Art audiences can be forgiven for getting confused on this matter, because Koons himself lost all track of reality when he sued a SF art gallery for selling “balloon dog” bookends. You couldn’t cut the irony with a buzz saw. By Koons’ logic, he could sue the little girl who made the balloon dog in the photo above for stealing his stolen idea. Nobody can make balloon dogs anymore, because Koons forgot he didn’t invent them in the first place. Besides which, doesn’t he have enough money and better things to do than sue people? Has it ever occurred to him to track down the original balloon artist and give him a cut?
On top of all that, since when was a balloon dog a defining icon of our age? If Koons had made a giant Pacman, and it was heralded as the symbol of a generation, I could see that, having grown up on video games. Who ever gave a crap about balloon animals? According to Wikipedia, balloon animals have been around decades before Jeff Koons was born, in which case they can hardly be an icon of this era.
Incidentally, one should not for a moment think that Koons is above making extra money above the sales of his primary works for tens of millions. He has a line of clothing with most items in the $2,500 range.
To understand why Koons’ balloon dog is priceless art requires mastering obtuse theoretical posturings, doing rhetorical back-flips through flaming hoops, and a leap of faith; but to understand why it isn’t more than superficially art requires just a little history and a smidgen of thinking. Ultimately it is what it looks like: a joke.

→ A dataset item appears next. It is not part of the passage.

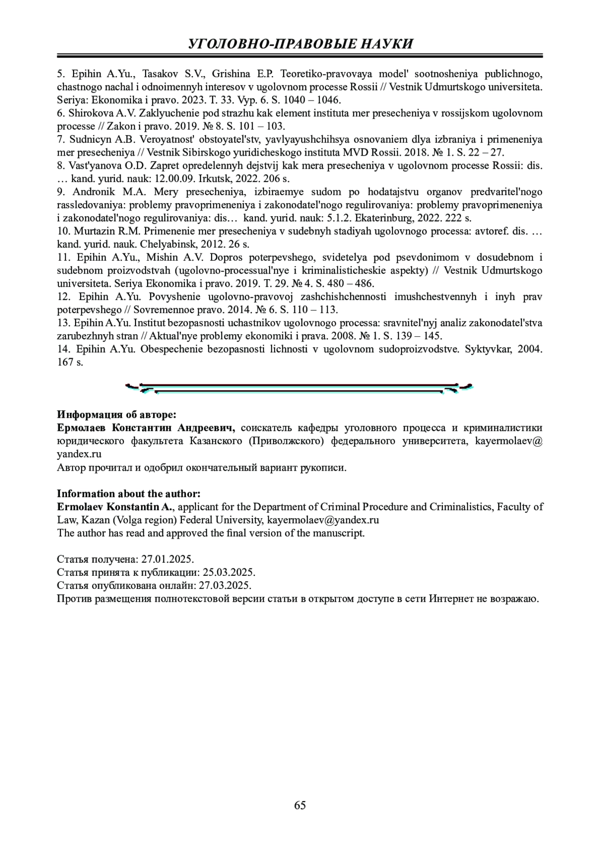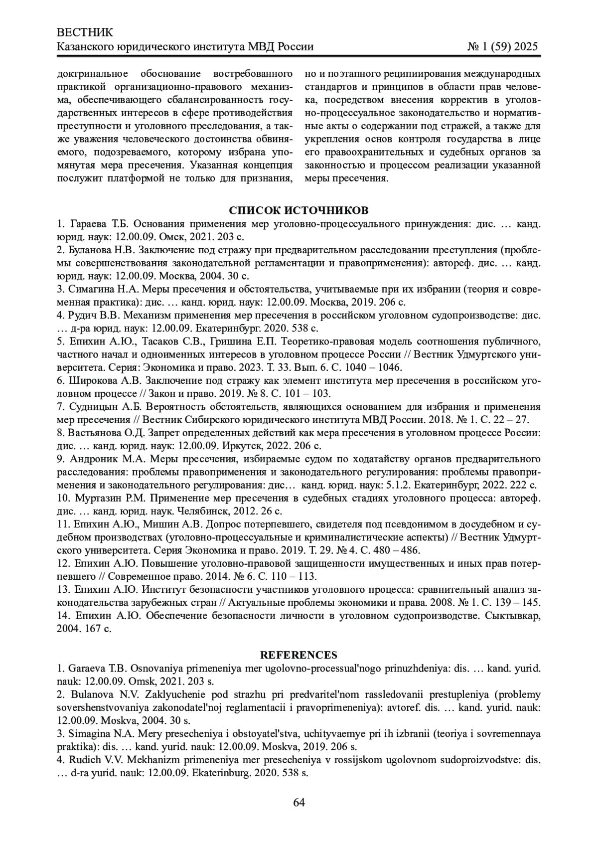 4. Рудич В.В. Механизм применения мер пресечения в российском уголовном судопроизводстве: дис. … д-ра юрид. наук: 12.00.09. Екатеринбург. 2020. 538 с. EDN: EHRIFE

Before I launch into analyzing why “Balloon Dog (Orange)” isn’t any more art than any other bright, shiny object, I want to throw in a more physical and immediate angle. Koons never touched his Balloon Dog, because he has a crew that handles making his art. As an artist myself, that just seems weird and disempowering. It’s like being a musician who doesn’t and can’t play an instrument.
“I’m basically the idea person. I’m not physically involved in the production. I don’t have the necessary abilities, so I go to the top people.” ~ Jeff Koons.
I GET why Jimi Hendrix is a phenomenal musician, and one can watch him exult in his craft. Koons does the musical equivalent of hiring other people to reproduce on a grander scale banal jingles produced by still others.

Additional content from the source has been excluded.